#### Activity:
Reproduce exactly the lines below, from the first one through the line containing "Iriun Webcam은 온라인", and omit any pictures.

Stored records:
=-=-=

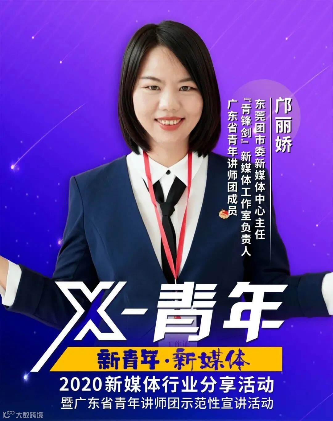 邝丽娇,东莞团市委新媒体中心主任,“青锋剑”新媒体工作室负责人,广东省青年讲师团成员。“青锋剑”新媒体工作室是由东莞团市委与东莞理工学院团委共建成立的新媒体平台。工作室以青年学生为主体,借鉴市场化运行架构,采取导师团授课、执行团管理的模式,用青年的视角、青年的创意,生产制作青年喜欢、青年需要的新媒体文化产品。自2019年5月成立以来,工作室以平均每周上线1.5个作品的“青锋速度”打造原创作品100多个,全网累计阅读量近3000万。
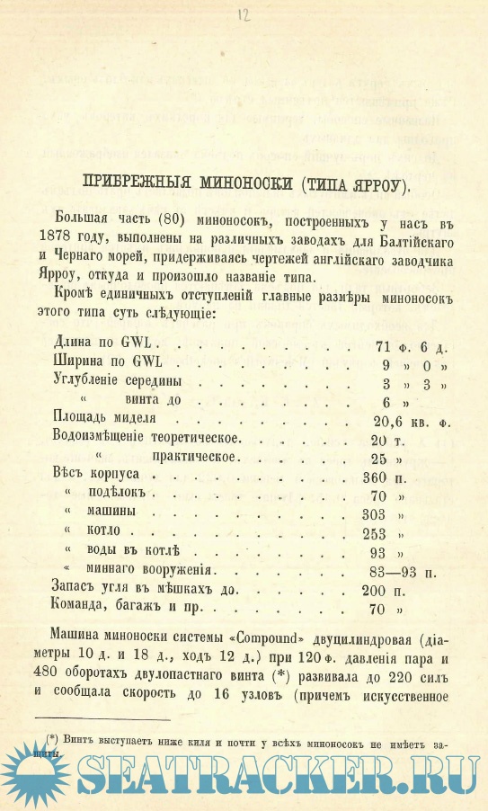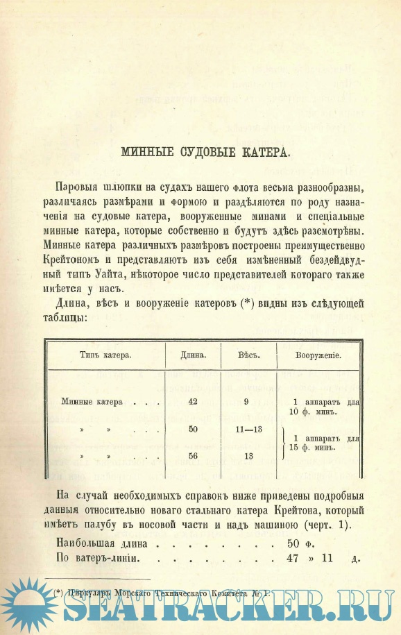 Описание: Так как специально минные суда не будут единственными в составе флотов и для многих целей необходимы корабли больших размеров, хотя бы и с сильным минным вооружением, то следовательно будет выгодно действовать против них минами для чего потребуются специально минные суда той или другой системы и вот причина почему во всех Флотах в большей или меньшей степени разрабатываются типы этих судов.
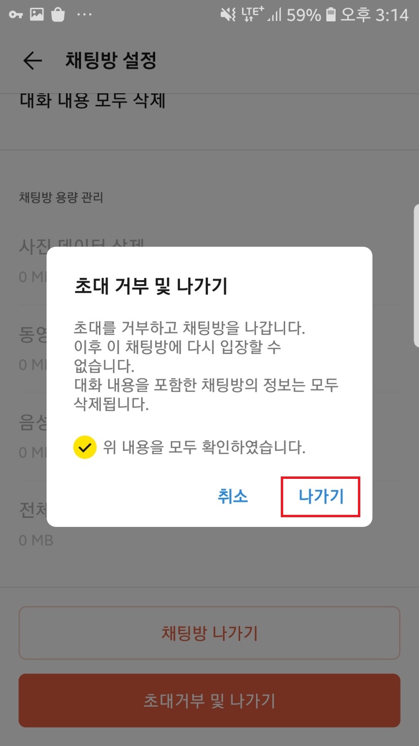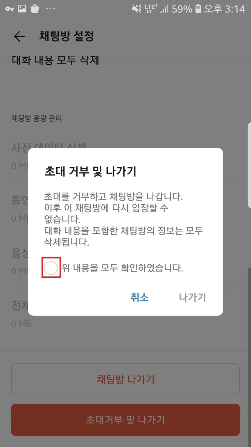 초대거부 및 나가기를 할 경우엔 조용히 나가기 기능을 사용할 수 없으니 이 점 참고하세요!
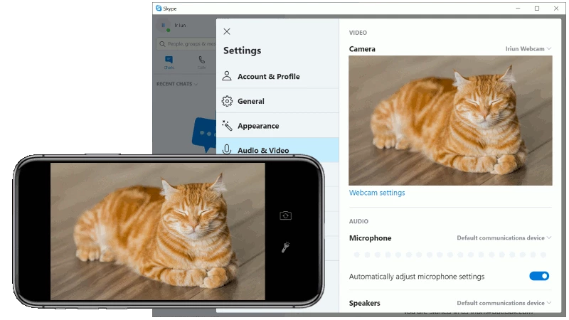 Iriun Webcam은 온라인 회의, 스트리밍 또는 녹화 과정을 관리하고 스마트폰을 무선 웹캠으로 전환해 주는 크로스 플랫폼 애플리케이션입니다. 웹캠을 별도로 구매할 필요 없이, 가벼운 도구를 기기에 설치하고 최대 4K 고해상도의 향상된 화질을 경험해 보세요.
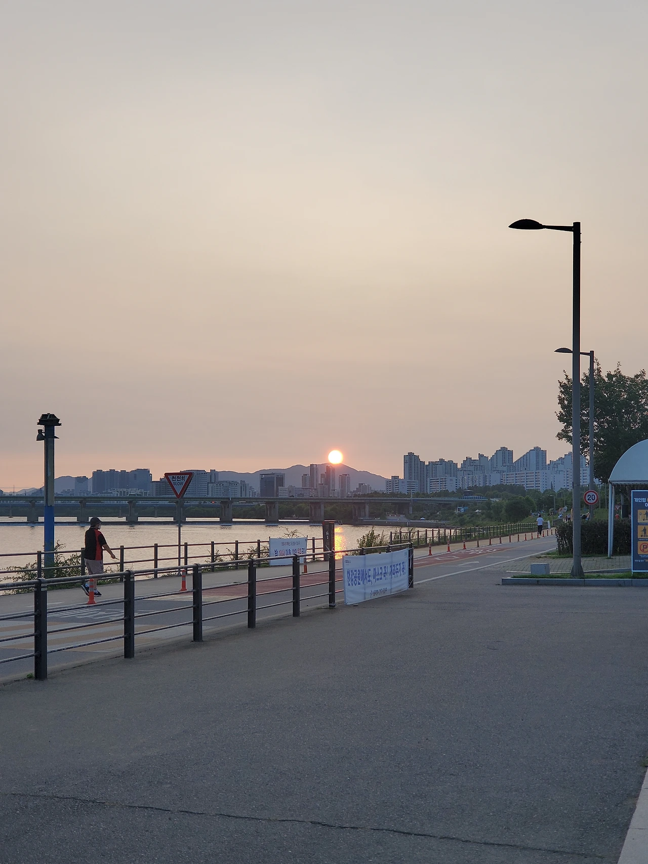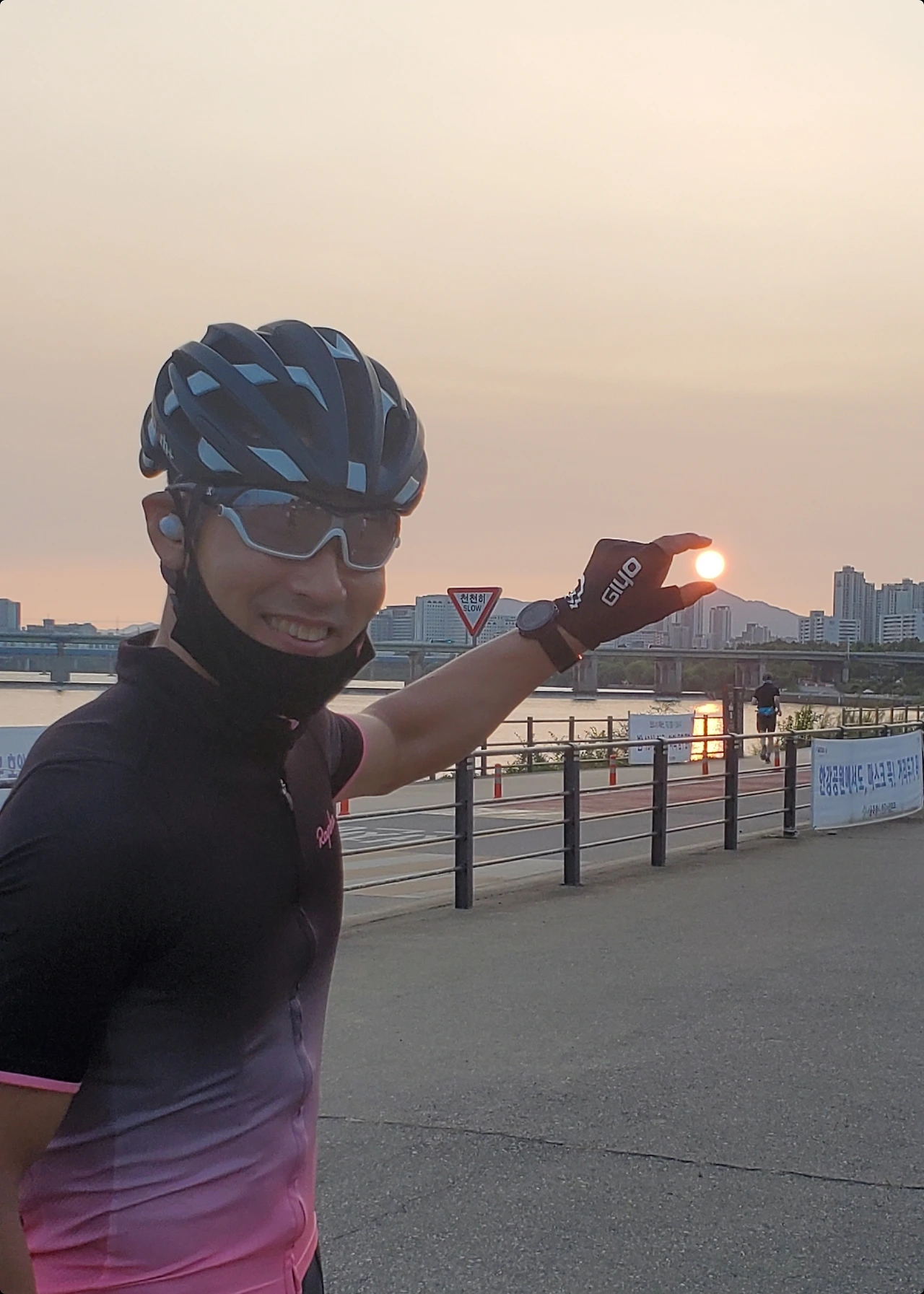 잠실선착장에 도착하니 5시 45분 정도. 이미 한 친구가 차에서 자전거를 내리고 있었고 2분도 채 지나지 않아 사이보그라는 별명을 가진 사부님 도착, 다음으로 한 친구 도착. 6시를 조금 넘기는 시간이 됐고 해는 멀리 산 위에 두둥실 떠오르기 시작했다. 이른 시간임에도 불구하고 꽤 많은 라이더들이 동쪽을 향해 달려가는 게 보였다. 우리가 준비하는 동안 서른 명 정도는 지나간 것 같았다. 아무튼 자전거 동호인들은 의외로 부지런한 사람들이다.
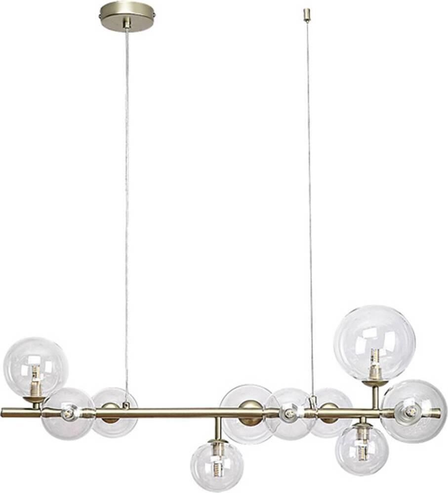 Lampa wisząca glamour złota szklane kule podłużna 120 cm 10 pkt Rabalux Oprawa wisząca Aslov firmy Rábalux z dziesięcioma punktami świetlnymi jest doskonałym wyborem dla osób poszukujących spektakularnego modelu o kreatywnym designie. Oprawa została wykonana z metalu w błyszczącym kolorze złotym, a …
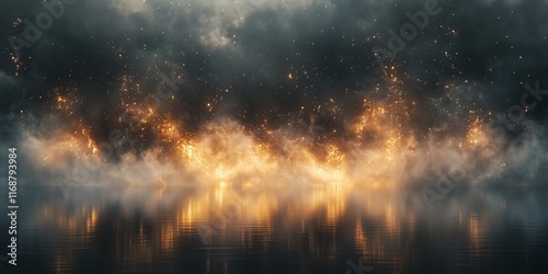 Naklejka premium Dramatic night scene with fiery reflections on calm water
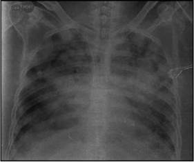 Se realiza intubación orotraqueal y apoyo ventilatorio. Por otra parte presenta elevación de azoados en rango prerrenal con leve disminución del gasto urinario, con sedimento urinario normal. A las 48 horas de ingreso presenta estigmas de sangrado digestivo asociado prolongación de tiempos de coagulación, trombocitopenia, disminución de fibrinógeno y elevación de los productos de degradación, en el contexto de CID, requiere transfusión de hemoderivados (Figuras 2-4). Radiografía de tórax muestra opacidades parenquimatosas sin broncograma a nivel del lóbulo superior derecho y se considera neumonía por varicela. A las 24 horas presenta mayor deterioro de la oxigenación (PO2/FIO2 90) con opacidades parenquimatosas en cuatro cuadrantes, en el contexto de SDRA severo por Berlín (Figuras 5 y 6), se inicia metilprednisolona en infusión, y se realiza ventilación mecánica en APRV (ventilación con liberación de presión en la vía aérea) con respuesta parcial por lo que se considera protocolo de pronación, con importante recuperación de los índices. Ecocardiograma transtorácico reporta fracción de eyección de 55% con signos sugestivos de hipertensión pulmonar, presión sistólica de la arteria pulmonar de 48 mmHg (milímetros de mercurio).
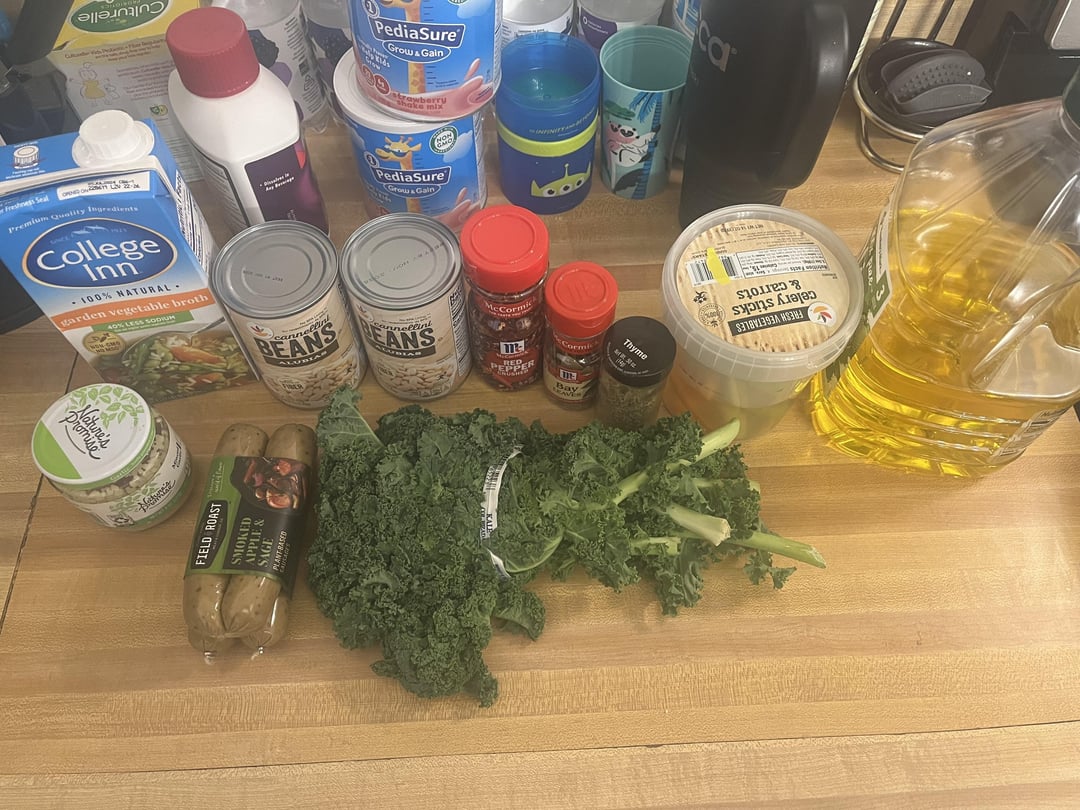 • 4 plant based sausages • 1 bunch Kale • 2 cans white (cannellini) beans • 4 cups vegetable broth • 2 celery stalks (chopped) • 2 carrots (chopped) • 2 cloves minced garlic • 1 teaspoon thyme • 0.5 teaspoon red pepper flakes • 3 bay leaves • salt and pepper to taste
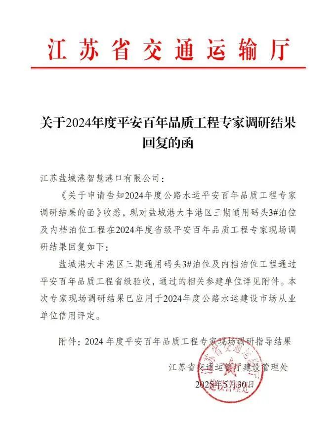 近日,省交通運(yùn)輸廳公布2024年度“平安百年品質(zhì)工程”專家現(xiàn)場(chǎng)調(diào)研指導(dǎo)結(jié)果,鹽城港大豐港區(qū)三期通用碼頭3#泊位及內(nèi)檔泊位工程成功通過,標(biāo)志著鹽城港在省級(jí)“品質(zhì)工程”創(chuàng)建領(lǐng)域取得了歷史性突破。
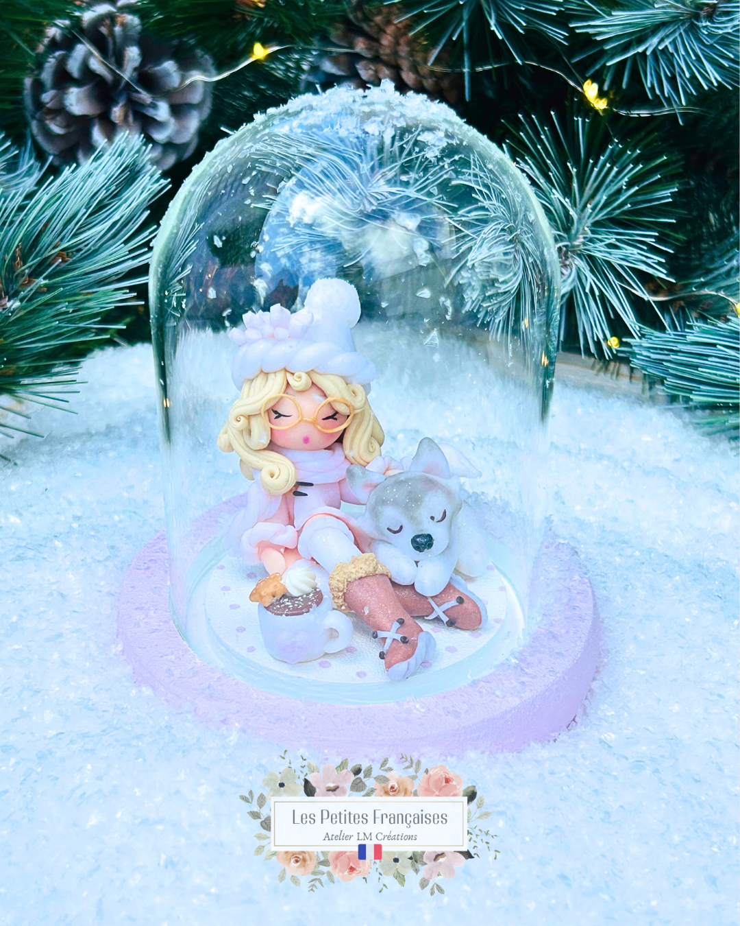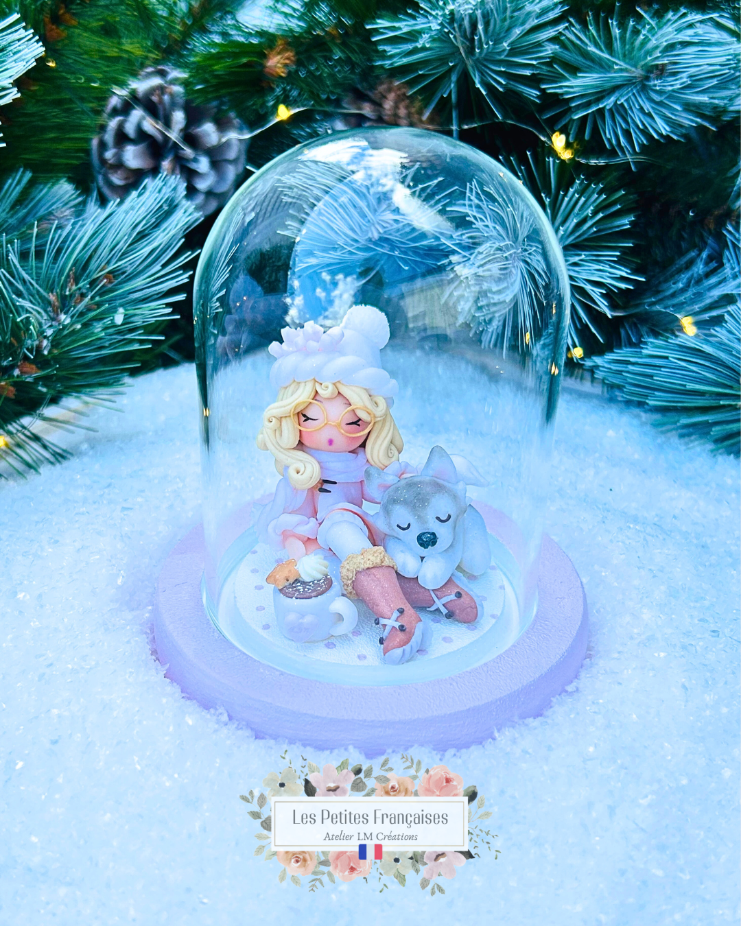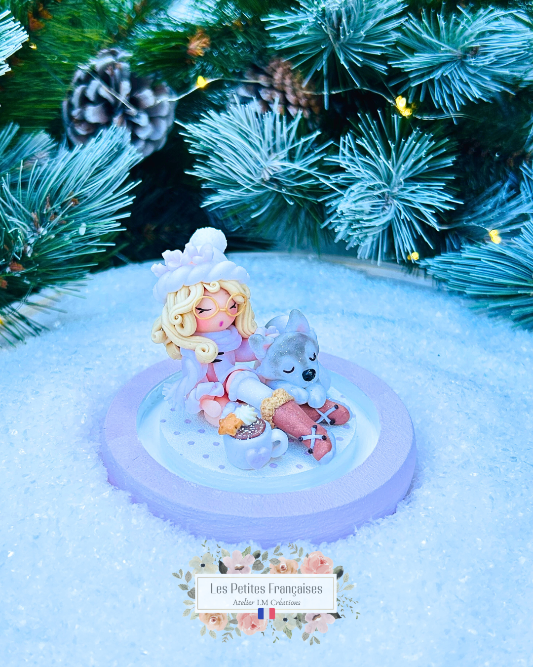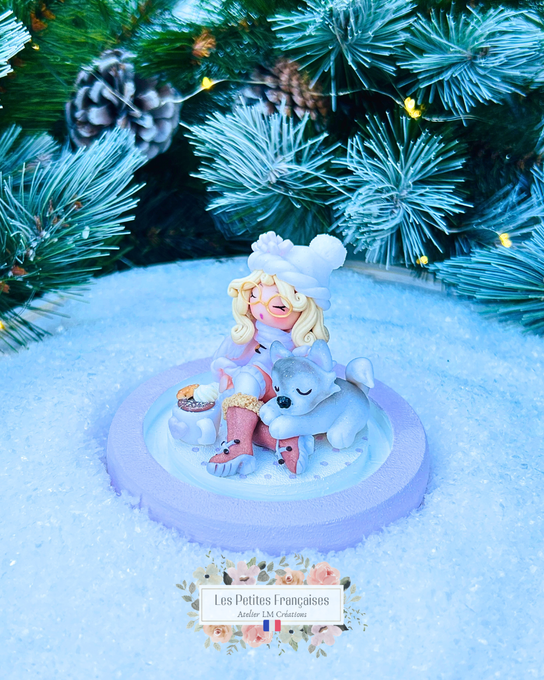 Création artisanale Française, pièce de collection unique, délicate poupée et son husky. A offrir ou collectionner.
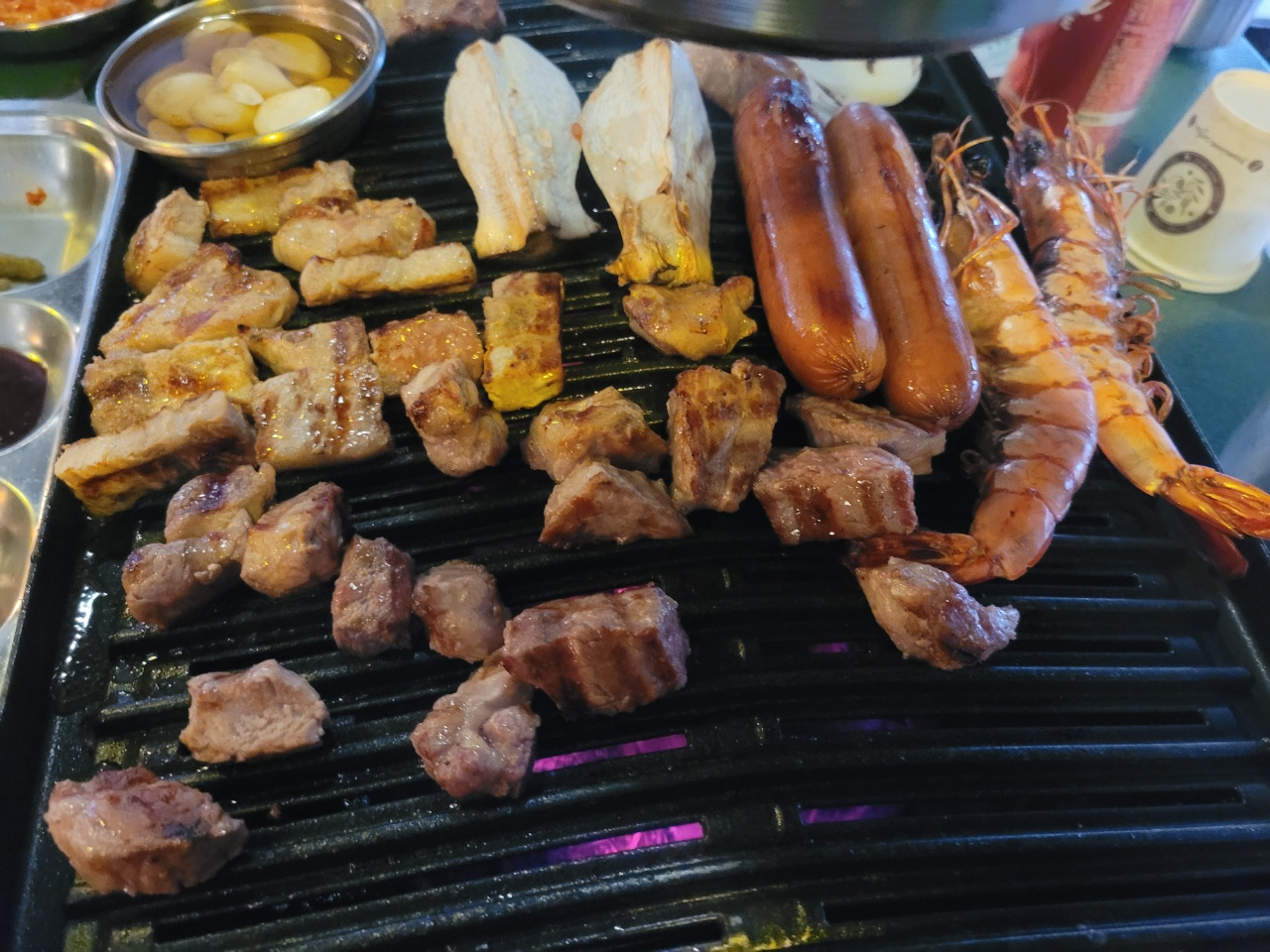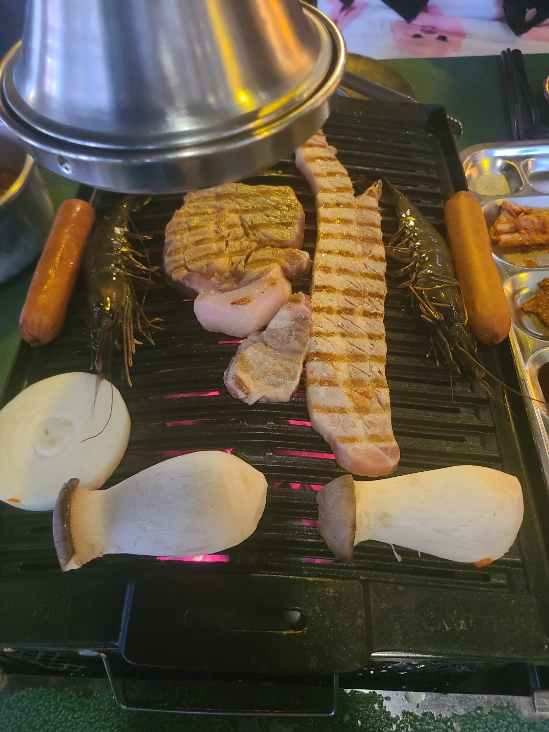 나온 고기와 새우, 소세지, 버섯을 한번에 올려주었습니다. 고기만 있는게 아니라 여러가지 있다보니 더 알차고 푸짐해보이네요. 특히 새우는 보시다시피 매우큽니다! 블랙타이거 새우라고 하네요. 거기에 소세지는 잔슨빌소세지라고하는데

=-=-=

#### Written answer:
 邝丽娇,东莞团市委新媒体中心主任,“青锋剑”新媒体工作室负责人,广东省青年讲师团成员。“青锋剑”新媒体工作室是由东莞团市委与东莞理工学院团委共建成立的新媒体平台。工作室以青年学生为主体,借鉴市场化运行架构,采取导师团授课、执行团管理的模式,用青年的视角、青年的创意,生产制作青年喜欢、青年需要的新媒体文化产品。自2019年5月成立以来,工作室以平均每周上线1.5个作品的“青锋速度”打造原创作品100多个,全网累计阅读量近3000万。
 Описание: Так как специально минные суда не будут единственными в составе флотов и для многих целей необходимы корабли больших размеров, хотя бы и с сильным минным вооружением, то следовательно будет выгодно действовать против них минами для чего потребуются специально минные суда той или другой системы и вот причина почему во всех Флотах в большей или меньшей степени разрабатываются типы этих судов.
 초대거부 및 나가기를 할 경우엔 조용히 나가기 기능을 사용할 수 없으니 이 점 참고하세요!
 Iriun Webcam은 온라인 회의, 스트리밍 또는 녹화 과정을 관리하고 스마트폰을 무선 웹캠으로 전환해 주는 크로스 플랫폼 애플리케이션입니다. 웹캠을 별도로 구매할 필요 없이, 가벼운 도구를 기기에 설치하고 최대 4K 고해상도의 향상된 화질을 경험해 보세요.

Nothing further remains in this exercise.